Kindly consider this sample code, if you will, which illustrates my
question. This code works just fine and does exactly what I want,
but... I dunno... I just don't like the approach I've taken. At first,
I thought to approach this with a split() (using a limit of 1) instead
of a regexp, but I couldn't figure out how to make that work in
anything other than a convoluted manner. I'm interested in maybe
learning different techniques from others who may approach the task
differently.

#!/usr/bin/perl
use strict; use warnings;

my %user; # keys are userid's, values are names
while (my $line = <DATA>) {
$line =~ m{^(\w+) +(.*)$} and $user{$1} = $2;
}
print map { "'$_'\t=>\t'$user{$_}'\n" } sort keys %user;

__DATA__
fredf Fred Flintstone
Barn Barney Rubble
bogus
WF Wilma Flintstone
betty Betty Rubble
 
R

robic0

Kindly consider this sample code, if you will, which illustrates my
question.

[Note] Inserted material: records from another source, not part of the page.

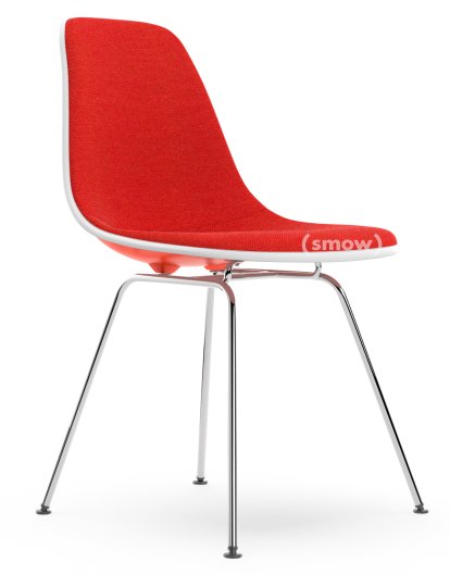 Eames Plastic Side Chair RE DSX, Rouge (rouge coquelicot), Rembourrage intégral, Corail / rouge coquelicot, Version standard - 43 cm, Chromé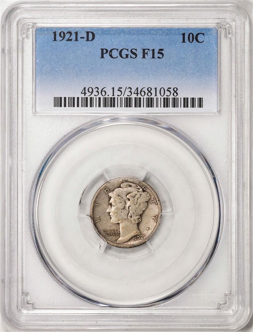One 1921-D Mercury Dime Coin PCGS F15. PCGS Graded.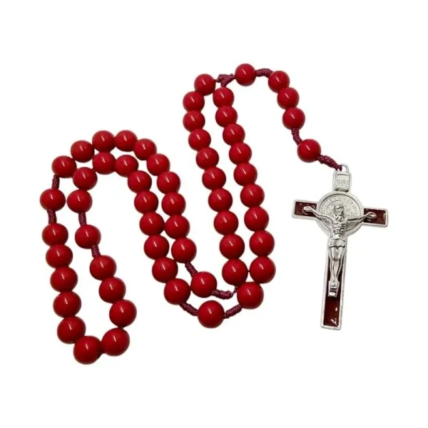 Odkryj prostotę i siłę modlitwy z naszym czerwonym różańcem. Ten pokaźny różaniec wykonany jest z plastiku, ma duże koraliki i piękny metalowy krzyż św. Benedykta w kolorze brązowym. Całość wykonana jest na brązowym sznurku. Różaniec ten jest idealny do modlitwy w zaciszu domowym.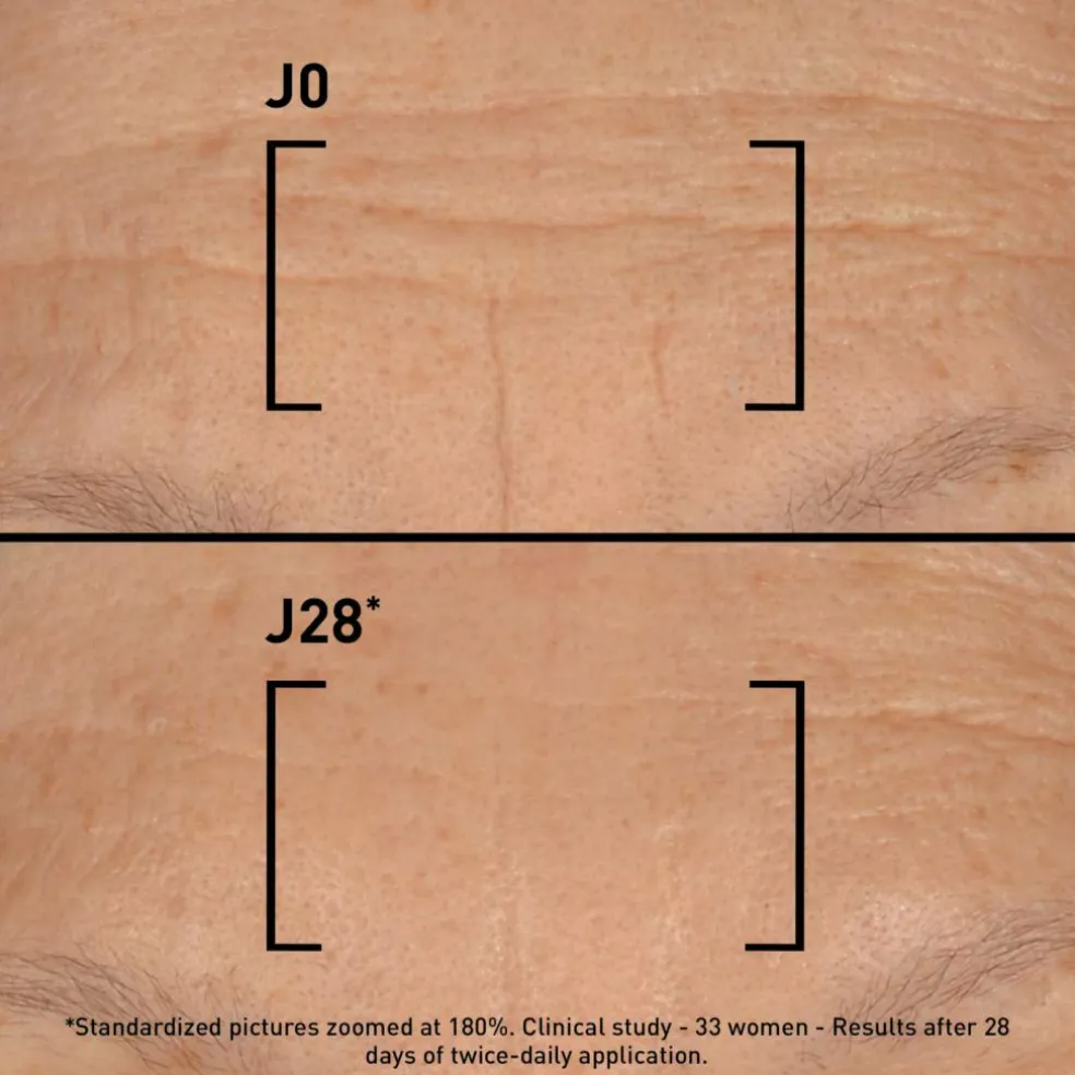 Tripeptid, hyaluronsyre, strandfennikel, vegetabilsk ekstrakt og en aktiv ingrediens, som hjælper til at give en fornyet struktur, korrigerer 5 forskellige typer rynker: mimiske rynker, dybe linjer, overfladiske linjer, halsrynker og spor af udtørring.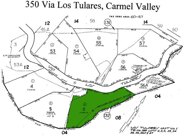 This sun kissed property is situated in desirable Los Tulares, an established upscale neighborhood just east of Carmel Valley village, in the heart of wine country. This breathtaking 2.58 acre parcel, has sweeping panoramic vistas to the south and east of Stone Pine, Carmel Valley and the stunning Santa Lucia Mountains. The lot is set down from the street to take full advantage of the expansive, unobstructed view setting. The property has a private well that has not be been used or tested in a long time, there are also some lovely Oaks, as well as an old tennis court. Convenient to shops, restaurants and amenities of Carmel Valley village, and approximately 20 minutes to Carmel.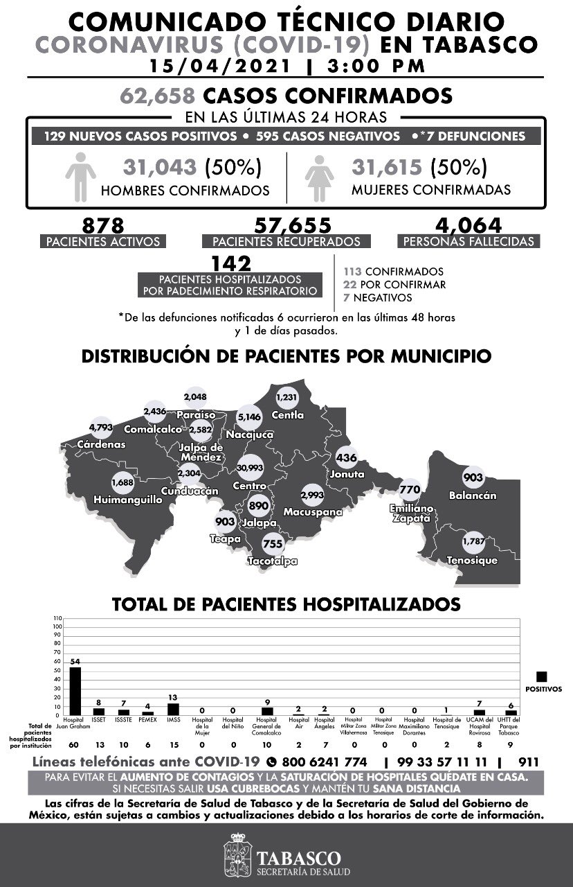 De acuerdo al Comunicado Técnico Diario, Tabasco registra 62 mil 658 casos confirmados, 4 mil 64 fallecimientos por SARS-CoV-2, así como 57 mil 655 pacientes recuperados, 878 activos y 142 hospitalizados por padecimientos respiratorios, de los cuales 113 resultaron positivos, 22 esperan los resultados de sus pruebas PCR y siete negativos.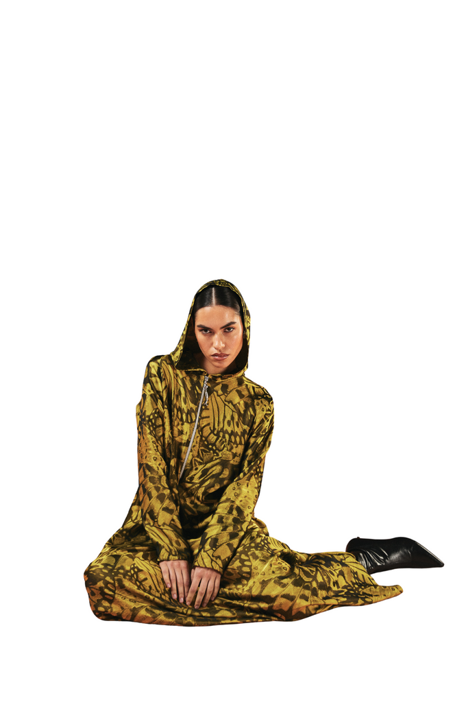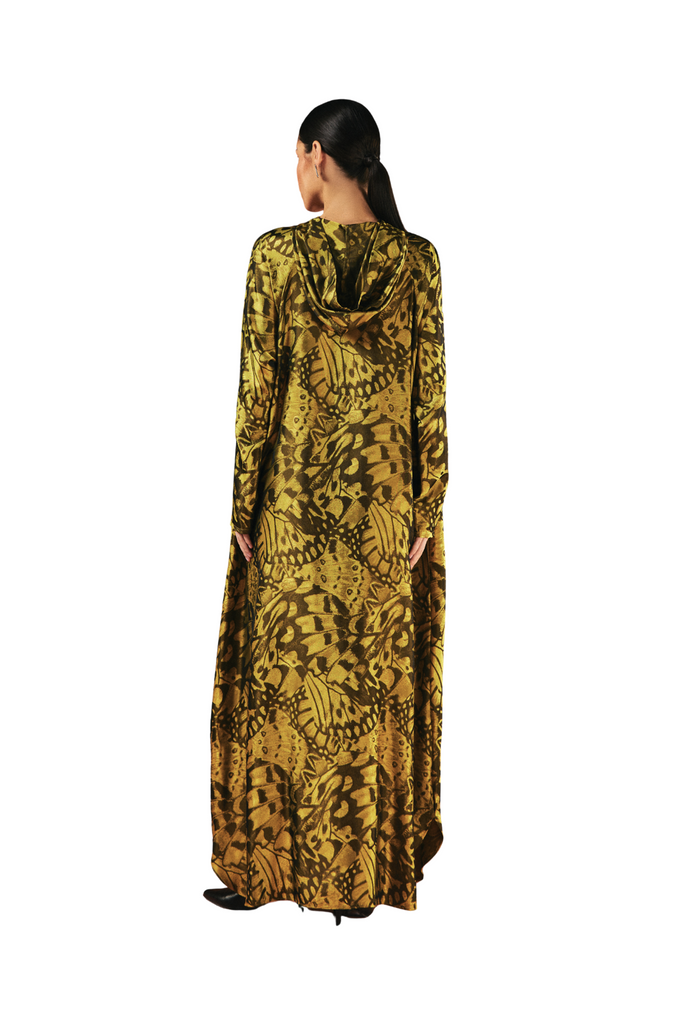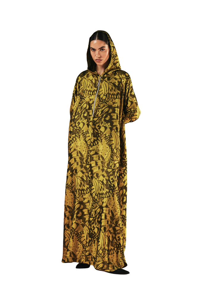 This bold kaftan features an abstract butterfly print in yellow and black, with raglan sleeves and a cozy hood. The custom 1309 zipper adds a modern touch, blending artistic flair with contemporary style.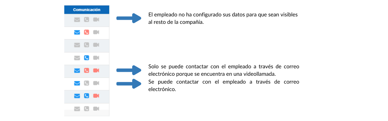 La columna denominada “Comunicación” muestra los canales disponibles para establecer una comunicación con el trabajador correspondiente. Pulsando sobre los iconos disponibles se abre la aplicación configurada para cada medio.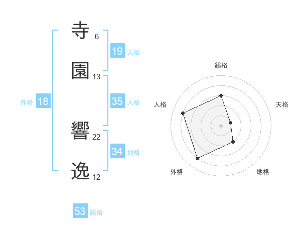 寺園 響逸さんを姓名の画数から五運を鑑定

This code works just fine and does exactly what I want,
but... I dunno... I just don't like the approach I've taken. At first,
I thought to approach this with a split() (using a limit of 1) instead
of a regexp, but I couldn't figure out how to make that work in
anything other than a convoluted manner. I'm interested in maybe
learning different techniques from others who may approach the task
differently.

#!/usr/bin/perl
use strict; use warnings;

my %user; # keys are userid's, values are names
while (my $line = <DATA>) {
$line =~ m{^(\w+) +(.*)$} and $user{$1} = $2;
}
print map { "'$_'\t=>\t'$user{$_}'\n" } sort keys %user;

__DATA__
fredf Fred Flintstone
Barn Barney Rubble
bogus
WF Wilma Flintstone
betty Betty Rubble

Nothing wrong with what you have, but give yourself some diagnostic leeway...

my ($line);
while ($line = <DATA>) {
if ($line =~ /^\s+(\w+)\s+(.*?)\s+$/) {
$user{$1} = $2;
} else {
print "no match for: <$line>\n";
}
}
 
R

robic0

Nothing wrong with what you have, but give yourself some diagnostic leeway...

my ($line);
while ($line = <DATA>) {
if ($line =~ /^\s+(\w+)\s+(.*?)\s+$/) {
$user{$1} = $2;
} else {
print "no match for: <$line>\n";
}
}
excuse me, use this:

if ($line =~ /^\s*(\w+)\s*(.*?)\s*$/) {
 
R

robic0

Too much good wine, use this:

if ($line =~ /^\s*(\w+)\s+(.*?)\s*$/) {

As a general rule in your circumstance, use "split" when a nearly
"homogenous" pattern is assured. Homogenous in the sence that only the
delimiter can be described as a pattern. The source has to be known
to a %99.999 assurance, something output from like an excell csv file.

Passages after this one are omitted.